*Data shown*.

********************

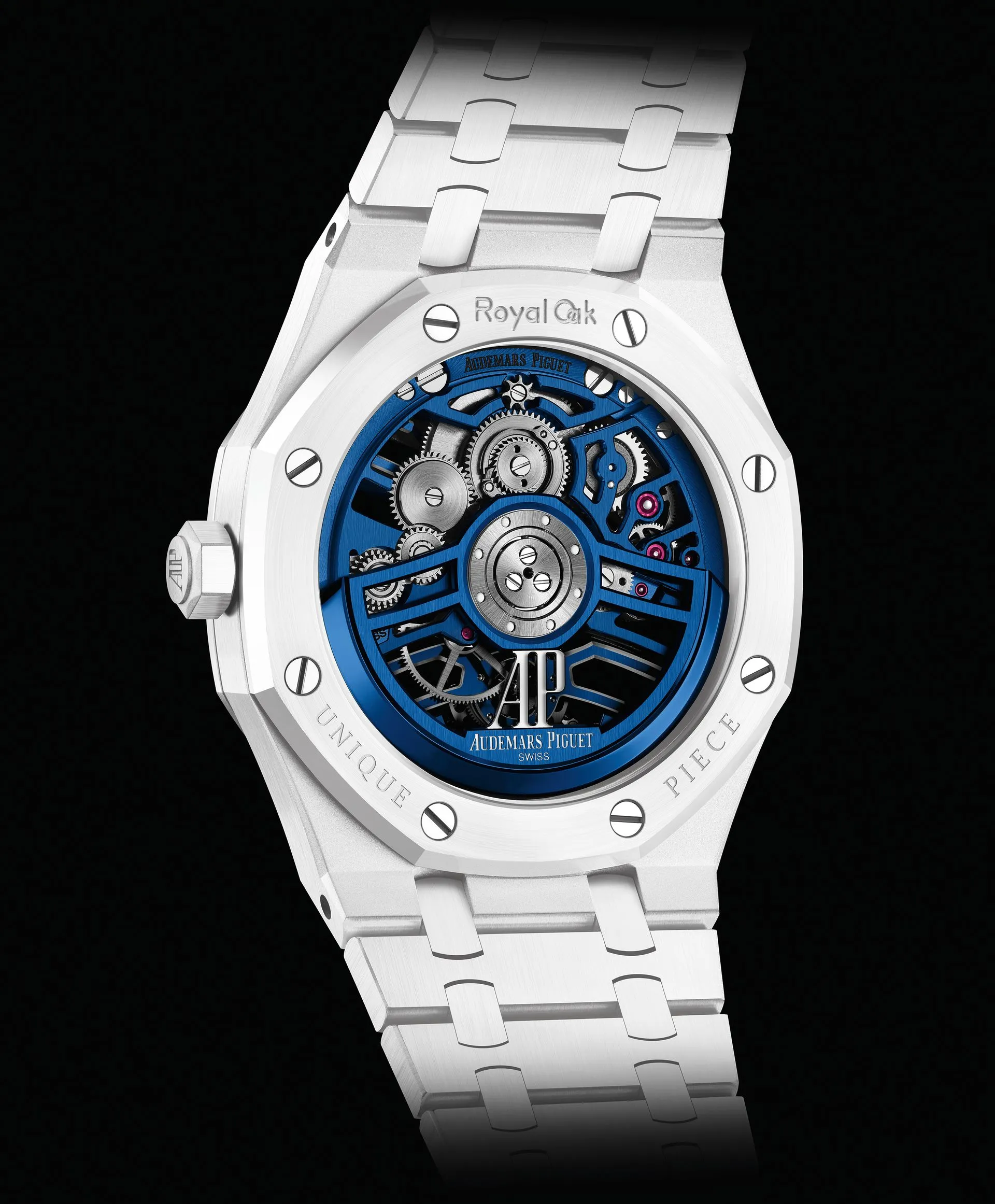 Beneath the mesmerizing exterior lies the beating heart of the watch—the Calibre 2972, an automatic movement with a 65-hour power reserve. It is fitted with a white ceramic bracelet with an AP folding clasp in blackened stainless steel.
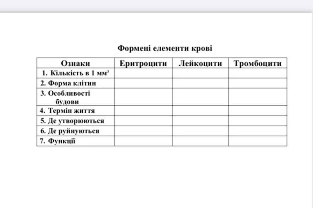 7. Основна мета червоних кров'яних тілець - забезпечувати нормальне постачання киснем тканин і органів.
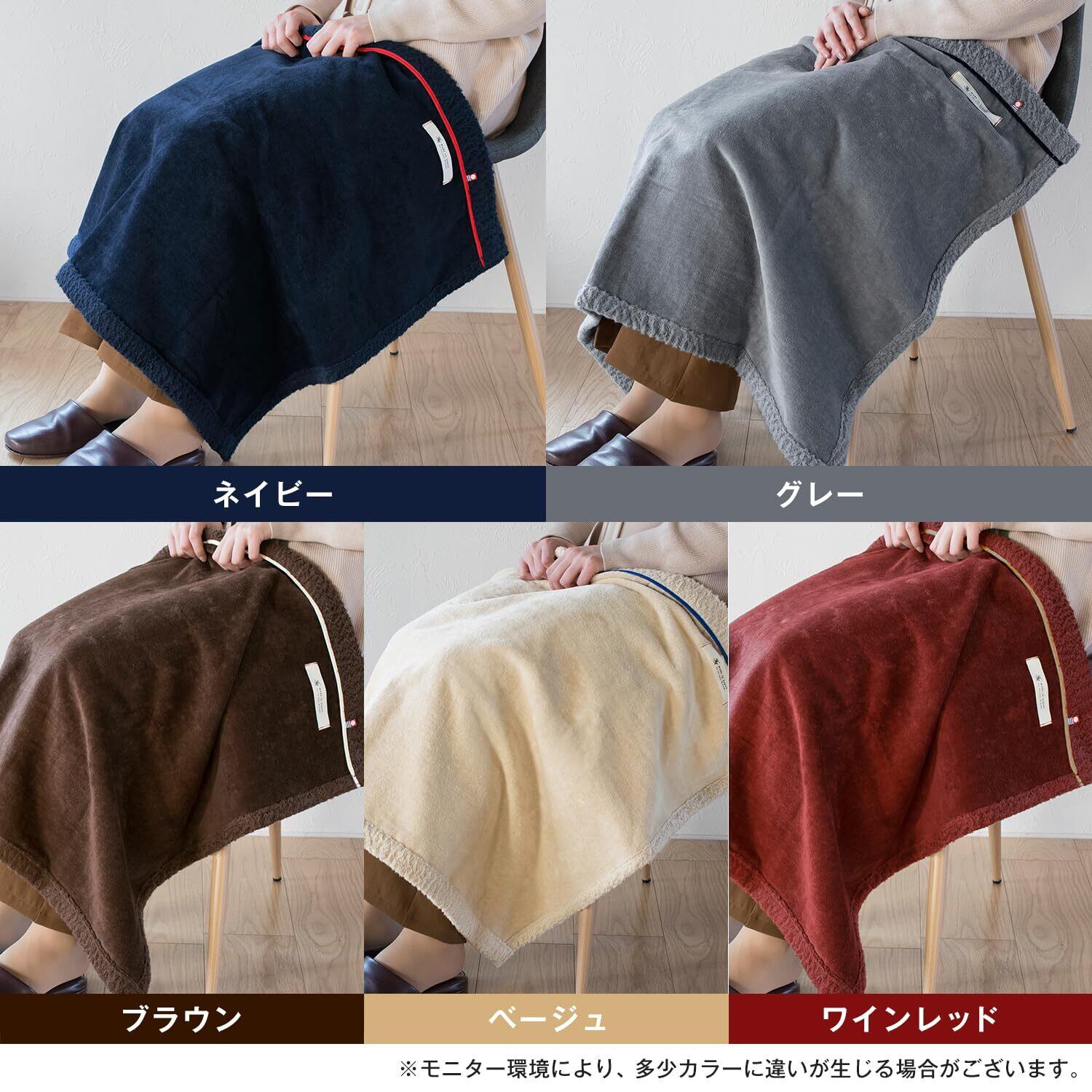 【2022最新】ブルーム 今治産 ひざ掛け ブランケット アヴニール 約98×70cm 日本製 綿100% 洗える リバーシブル シープ加工 ひざかけブランケット (ネイビー)

********************

Drop the images; restate the listing exactly.

 Beneath the mesmerizing exterior lies the beating heart of the watch—the Calibre 2972, an automatic movement with a 65-hour power reserve. It is fitted with a white ceramic bracelet with an AP folding clasp in blackened stainless steel.
 7. Основна мета червоних кров'яних тілець - забезпечувати нормальне постачання киснем тканин і органів.
 【2022最新】ブルーム 今治産 ひざ掛け ブランケット アヴニール 約98×70cm 日本製 綿100% 洗える リバーシブル シープ加工 ひざかけブランケット (ネイビー)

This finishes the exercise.